### ACTION ITEM
Below, locate the line that contains "Leviathan Axe, Ol’". Repeat exactly from that line to the line that contains "A neutral palette", inclusive, leaving out the pictures.

### MATERIAL SHOWN
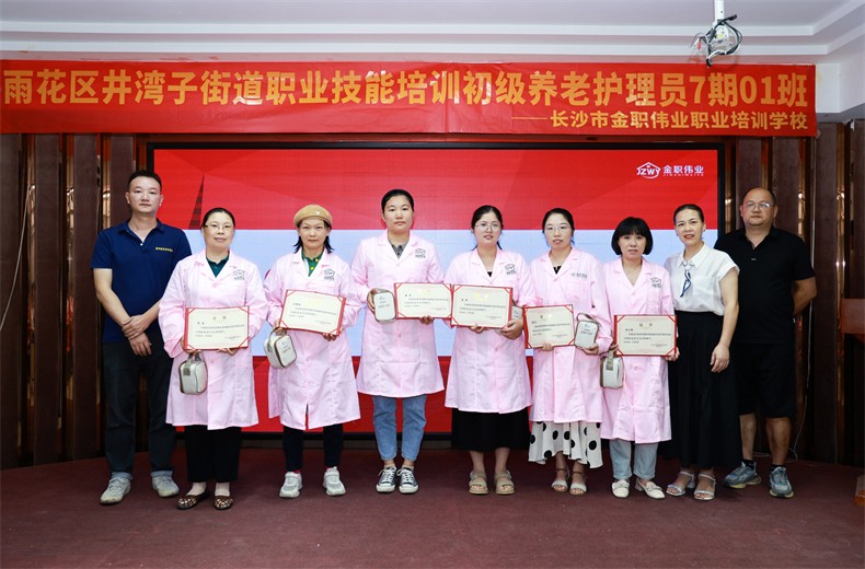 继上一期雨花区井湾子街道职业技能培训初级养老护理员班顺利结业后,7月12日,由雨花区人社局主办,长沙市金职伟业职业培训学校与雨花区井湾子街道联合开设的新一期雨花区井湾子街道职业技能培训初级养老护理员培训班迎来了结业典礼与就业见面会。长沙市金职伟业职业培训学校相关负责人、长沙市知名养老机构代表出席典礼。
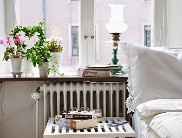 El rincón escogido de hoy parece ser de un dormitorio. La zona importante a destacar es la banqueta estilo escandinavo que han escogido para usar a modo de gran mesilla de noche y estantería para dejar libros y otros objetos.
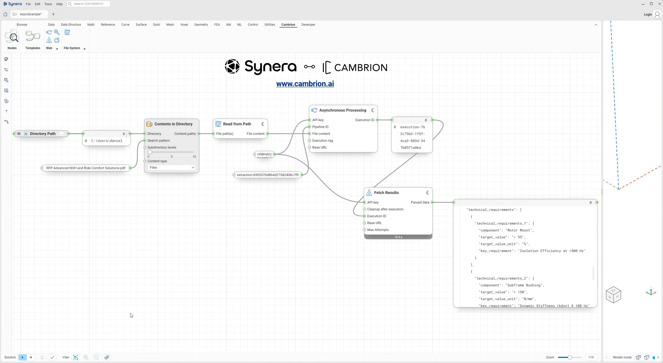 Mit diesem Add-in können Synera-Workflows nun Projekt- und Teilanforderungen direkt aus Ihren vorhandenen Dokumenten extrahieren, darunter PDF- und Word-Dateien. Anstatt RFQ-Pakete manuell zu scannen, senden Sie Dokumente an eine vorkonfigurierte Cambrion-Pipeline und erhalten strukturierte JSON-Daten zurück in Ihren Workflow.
---
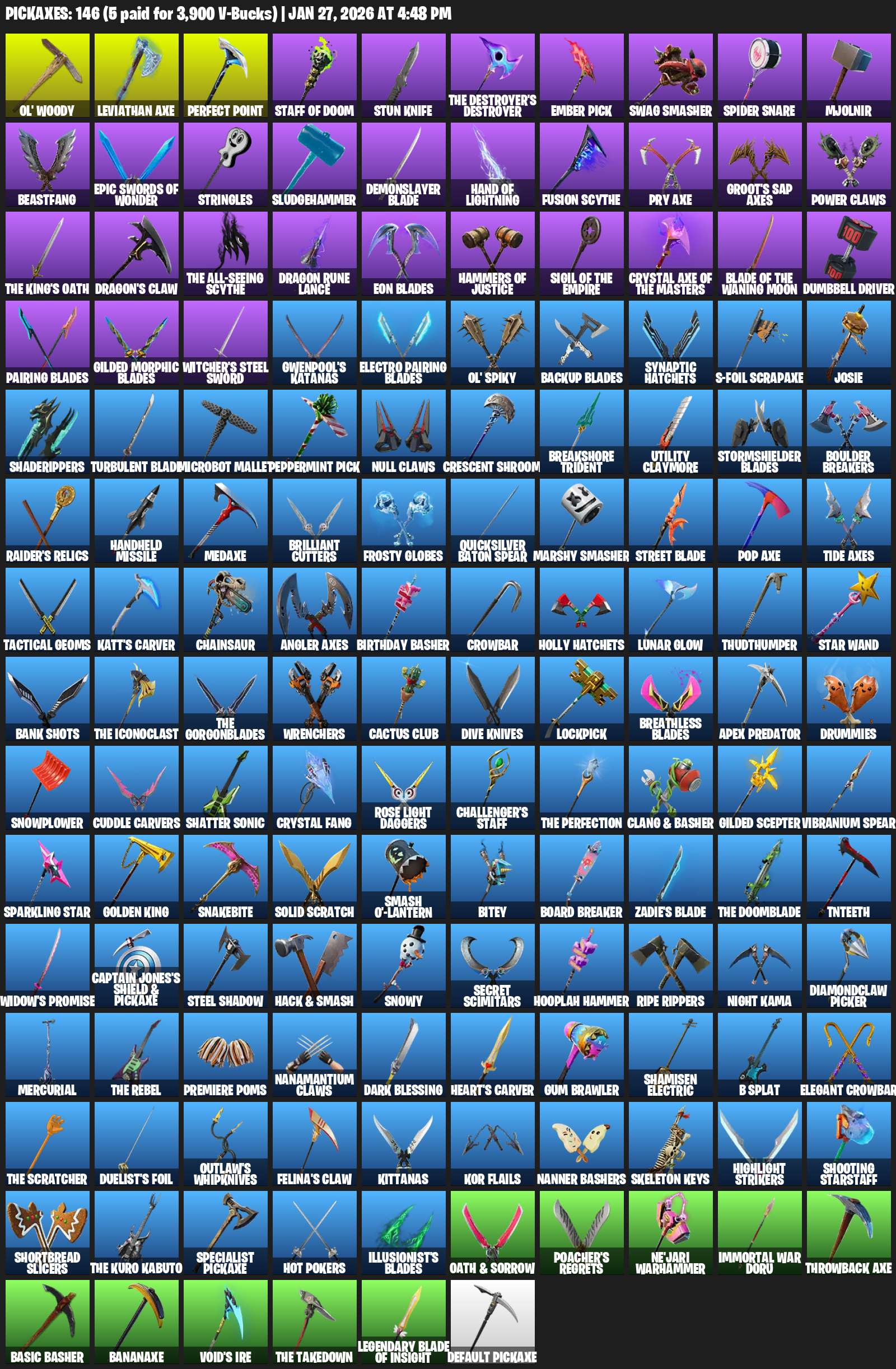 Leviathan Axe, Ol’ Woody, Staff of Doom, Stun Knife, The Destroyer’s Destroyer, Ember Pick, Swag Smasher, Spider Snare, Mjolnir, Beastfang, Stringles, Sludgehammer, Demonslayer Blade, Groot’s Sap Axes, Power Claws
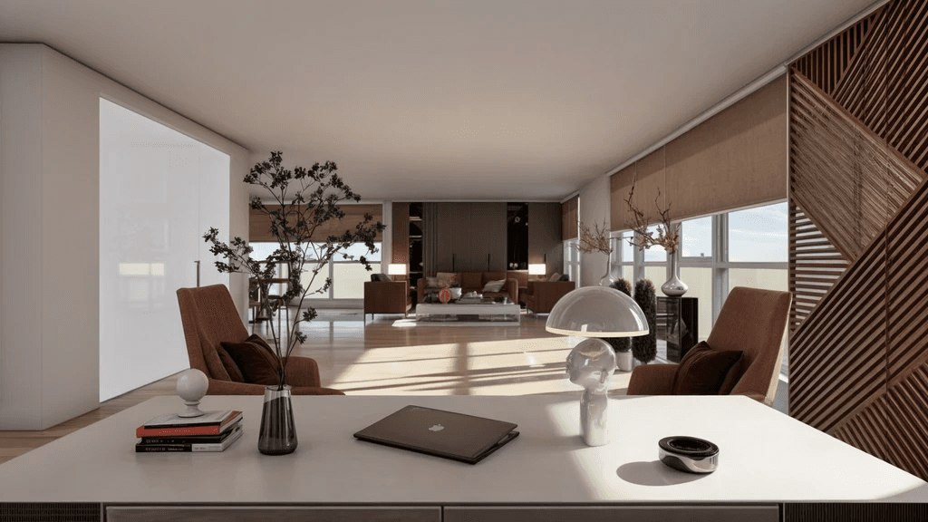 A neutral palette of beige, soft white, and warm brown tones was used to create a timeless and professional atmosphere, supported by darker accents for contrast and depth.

### PROBLEM SOLUTION
 Leviathan Axe, Ol’ Woody, Staff of Doom, Stun Knife, The Destroyer’s Destroyer, Ember Pick, Swag Smasher, Spider Snare, Mjolnir, Beastfang, Stringles, Sludgehammer, Demonslayer Blade, Groot’s Sap Axes, Power Claws
 A neutral palette of beige, soft white, and warm brown tones was used to create a timeless and professional atmosphere, supported by darker accents for contrast and depth.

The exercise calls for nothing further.